The building blocks of a parenting plan that actually works
A parenting plan works best when it addresses both the routine and the unexpected. These seven elements cover what your plan needs most:
- Regular parenting time schedule: This covers your weekly routine. Colorado courts presume that your child should have frequent and continuing contact with both parents.
- Holiday, school break and vacation schedule: Vague language around holidays and breaks is one of the most common sources of post-divorce conflict.
- Allocation of decision-making responsibilities: Colorado uses this to identify who decides on education, healthcare and extracurricular activities.
- Co-parent communication protocols: Your plan should define how and when you communicate about your child, including preferred methods and response times.
- Child-to-parent communication: Clear guidelines for when your child can reach the other parent matter most during extended parenting time.
- Transportation and exchange logistics: Who handles drop-off and pick-up, where exchanges happen and how to address a late arrival all belong here.
- Dispute resolution process: Many Colorado plans call for parenting coordination or mediation before returning to court, which saves both parents time and money.
A plan that covers each of these areas gives your family a real foundation.
Specific enough to protect, flexible enough to adapt
A parenting plan is not a snapshot of today.
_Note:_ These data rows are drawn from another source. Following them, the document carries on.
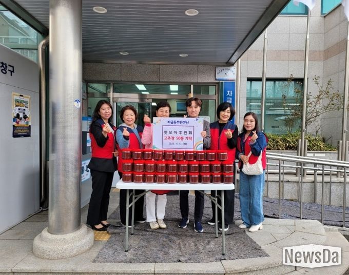 뉴스다 최광묵 기자 | 의정부시 자금동주민센터는 4월 6일 뜻모아후원회가 관내 취약계층 지원을 위해 직접 담근 고추장 50통을 기탁했다고 밝혔다.
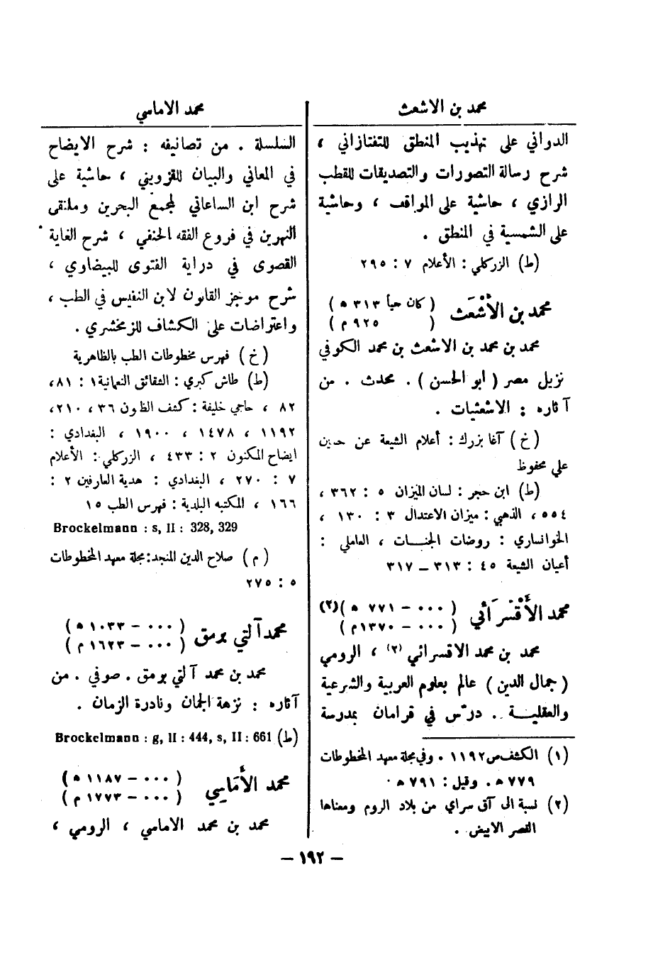 الدواني على تهذيب المنطق للتفتازاني، شرح رسالة التصورات والتصديقات للقطب الرازي، حاشية على المواقف، وحاشية على الشمسية في المنطق (ط) الزركلي: الاعلام 7: 295 محمد بن الاشعث (كان حيا 313 هـ) (925 م) محمد بن محمد بن الاشعث بن محمد الكوفي نزيل مصر (أبو الحسن) .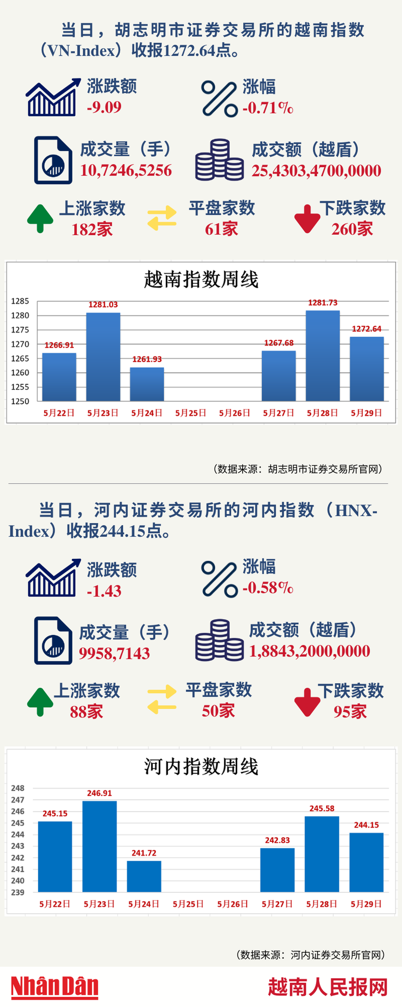 当天,胡志明市证券交易所的越南指数(VN-Index)和河内证券交易所的河内指数(HNX-Index)分别收报1272.64和244.15点。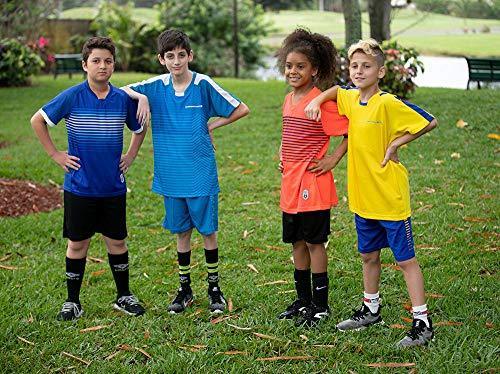 • ⚽ MADE COMFORTABLE FOR HOURS OF PLAY - This set is made with high premium polyester quick dry material. Lightweight and breathable, your kid will always be comfortable. And is so durable, will stay perfect as you keep washing it. These sets for boys an girls can also work as a costume. Great colors to wear on a indoor soccer game.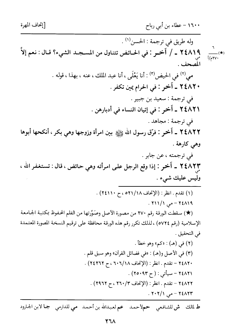 24819 - مي - /آخر: في الحائض تتناول من المسجد الشيء؟ قال: نعم إلاَّ المصحف. مي في الحيض: أنا يَعْلَى، أنا عبد الملك، عنه، بهذا، قوله.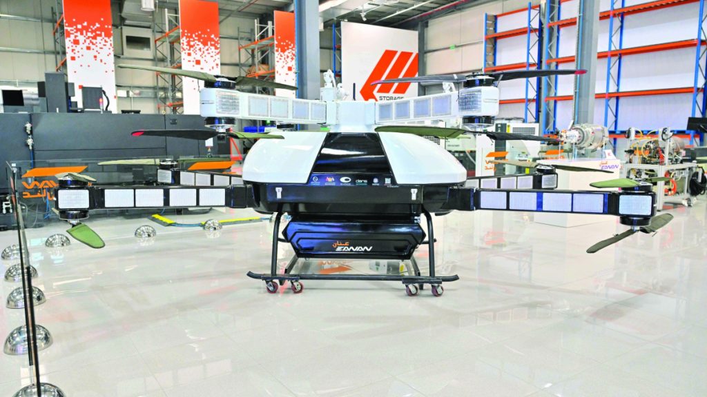 وأوضح المرزوقي أن «(الشركة) أنتجت ضمن خطوط إنتاجها طائرة بدون طيار تحت اسم (غيث)، متخصصة في دعم الأعمال الزراعية، إذ تتولى مهام إلقاء الحبوب، ومراقبة متغيرات المحاصيل الزراعية، وتلقيح النخل، واستخدام الكاميرات في مراقبة ومتابعة الأشجار المزروعة، والتدخل السريع في أي عمليات تتطلب إلقاء حبوب أو غيرها من المتطلبات الزراعية». ولفت المرزوقي إلى أن «(الشركة) تطور حالياً، بالشراكة مع شركة أميركية، طائرة ذاتية القيادة لأغراض نقل الركاب وشحن البضائع، وتعمل بتقنيات مبتكرة تشمل نظام شحن (التربو)، وبلا شفرات للمراوح، حيث تعمل بنظام دفع الهواء»، لافتاً إلى أن «تلك الطائرة قيد التطوير والتجربة حالياً، وتأتي بمساحة يصل طولها إلى تسعة أمتار، وبسرعات تصل إلى 100 كيلومتر في الساعة».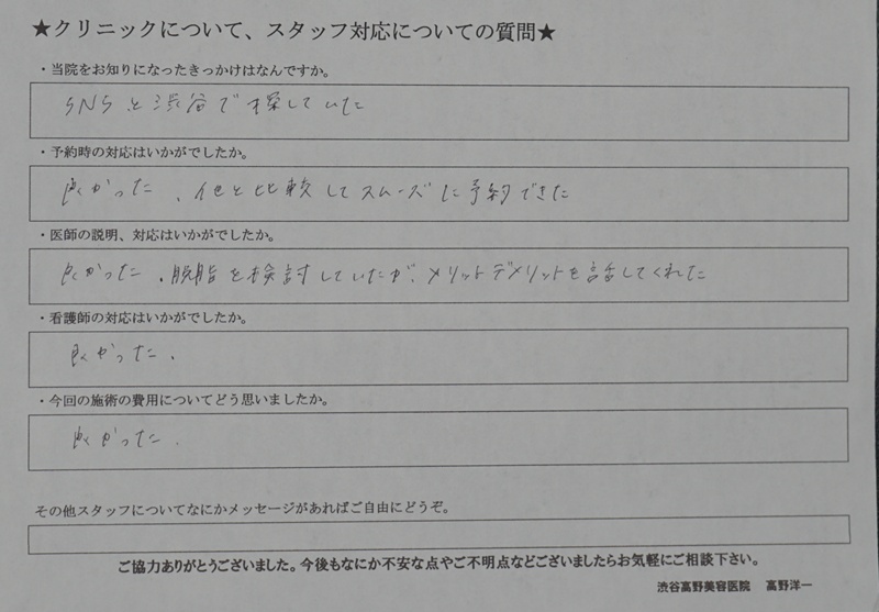 リスクや副作用: •腫れや内出血が出る •左右差が出ることがある •再発する可能性が否定できない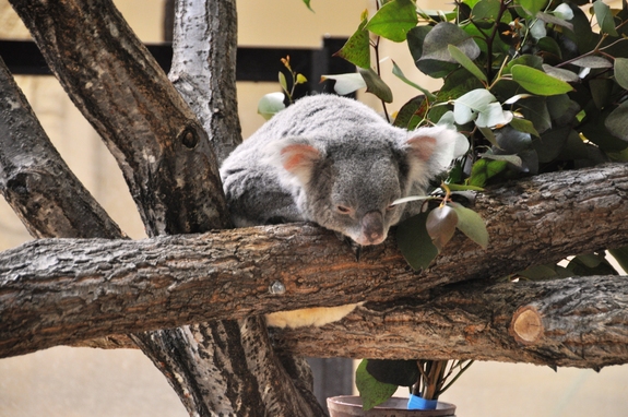 クレメンツさん(メス)です。ユーカリを取り換えたばかりなのに、ぐっすり眠っています。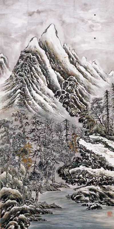 何香凝 枫林雪景 20世纪40年代 134×68cm 何香凝美术馆藏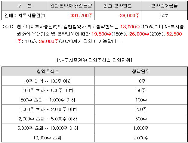 NH투자증권의 일반 청약자 배정 물량은 391,700주이고, 일반 청약자의 최고 청약 한도는 13,000주입니다.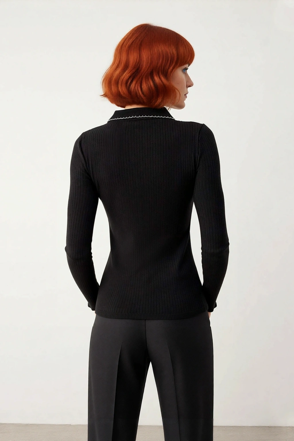 Ürün Özellikleri: Fitted kalıp, viskoz materyal, kontrast dikiş detaylı desen, polo yaka, standart kol, triko kumaş, siyah renk.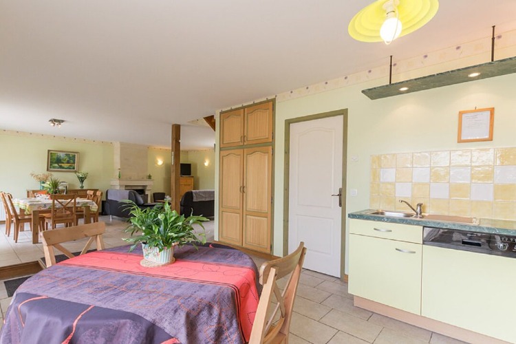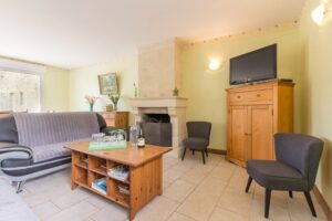 Gîte indépendant, mitoyen au gîte n°2901, proche de l’habitation du propriétaire. Rez-de-chaussée : séjour avec espace salon (canapé, fauteuils et cheminée) et espace cuisine (cafetière Nespresso), salle d’eau, WC. Étage (mansardé) : 4 chambres (4 lits 1 personne : 90×200), salle d’eau, WC. Cour aménagée avec terrasse bois et 2 tables de pique-nique. Cour privative au gite.
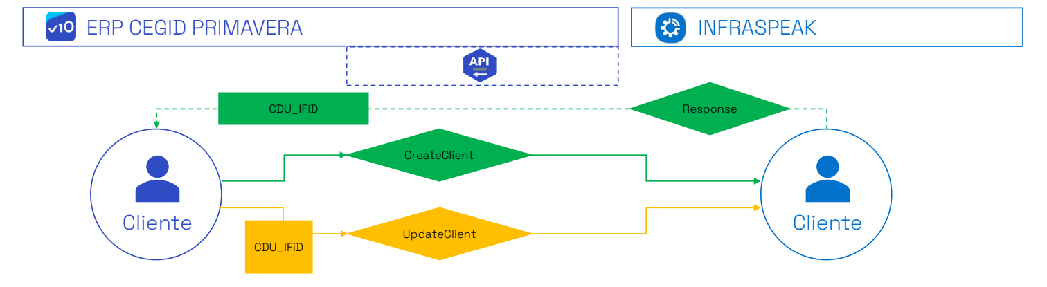 Os dados de clientes criados ou atualizados no CEGID PRIMAVERA são sincronizados automaticamente com a Infraspeak. Isto garante uma fonte de informação única e fiável em todas as plataformas, reduzindo o trabalho manual e eliminando inconsistências. Detalhes fundamentais dos clientes, tais como identificação, morada e dados de referência, permanecem alinhados em tempo real.
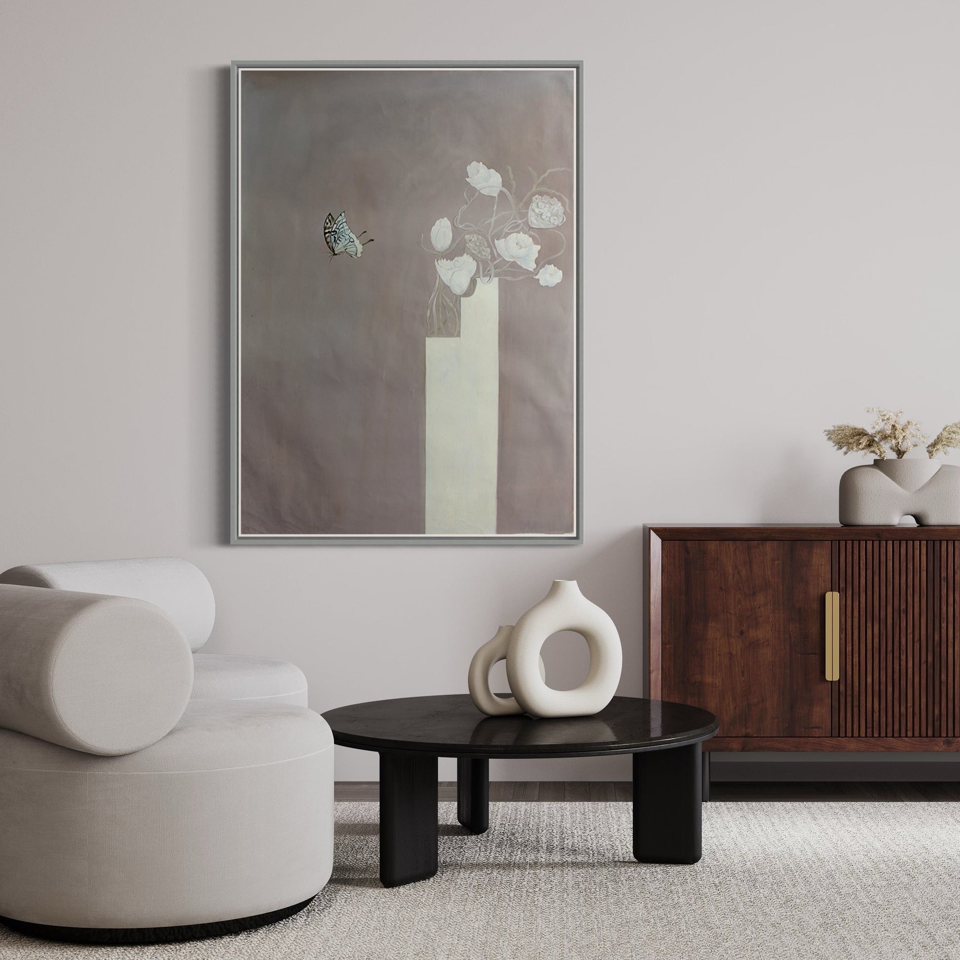 Elegant Floral Still Life with Butterfly in Soft Earth Tones Oil Painting

Rather, it is a framework built to serve your child through different stages of life. What works for a kindergartner will look very different for a teenager.
Colorado law prohibits you from seeking modification within two years unless your child faces physical or emotional danger, except by agreement. After two years, you must prove a substantial and continuing change in circumstances that affects your child’s best interests.
Building flexibility into your plan from the start gives both parents room to adapt without going back to court. Including language that allows both parents to adjust logistics by written agreement is one practical way to accomplish this.
A plan your children will never have to think about
The best parenting plan runs quietly in the background so your children can simply be kids. Getting there takes careful thought and a solid understanding of what Colorado courts expect. Legal support who knows your family and Colorado’s standards can help you build a plan that truly holds up as your children grow.